Keep in mind that the default behavior is to append the items crawled at the bottom of the already existing file and not to overwrite it, so you might want to prefix your scrapy command with something like `rm OLDTABLE.csv; scrapy crawl fb etc.`. There are many other ways of exporting, check out the [exporter reference](https://doc.scrapy.org/en/latest/topics/exporters.html) if you want to know more.
More information regarding Scrapy's [Deployment](https://doc.scrapy.org/en/latest/topics/deploy.html) and [Common Practices](https://doc.scrapy.org/en/latest/topics/practices.html) are present in the official documentation.
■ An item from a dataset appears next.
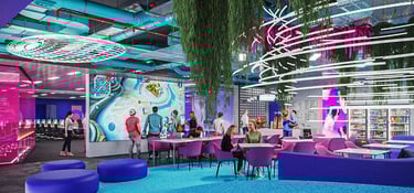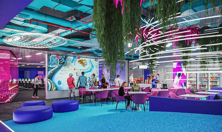 Saigon's esports team Spawn needed a competitive edge for their HQ. I crafted a sleek, neon-trimmed space to house high-performance PCs and ergonomic chairs in soundproof training zones. Collaborative areas with beanbag chairs and large screens foster teamwork. A custom LED wall keeps the team hyped for victory. This tech-driven haven fuels Spawn's competitive spirit.

The use is similar to fb spider, the only difference being the -a page parameter, which now is the link to a post. Make sure that the `page` option is a proper post link, for example:
```
rm trump_comments.csv; scrapy crawl comments -a email="obama@gmail.com" -a password="cm380jixke" -a page="https://mbasic.facebook.com/story.php?story_fbid=10162169751605725&id=153080620724" -o trump_comments.csv
```
(!) Some comments are duplicated. This is because facebook chooses to display a comment both in one page and in the next. There are several ways of handling this unwanted (although interesting on its own) behavior. It's not possible to leave scrapy duplicate filter on, because this would make the crawler quit when it encounters duplicates, leaving out many comments. The best way of handling duplicates is to clean the CSV afterwards using pandas of the csv python module.
For example, with pandas:
```
import pandas as pd
df = pd.read_csv('./trump.csv')
df2 = df[df.duplicated() == False]
df2.to_csv('./trump.csv',index=False)
```
Another option would be to integrate this process with scrapy, writing a pipeline that checks all the fileds for duplicates and drops the items that are caught (however the crawling would be slower).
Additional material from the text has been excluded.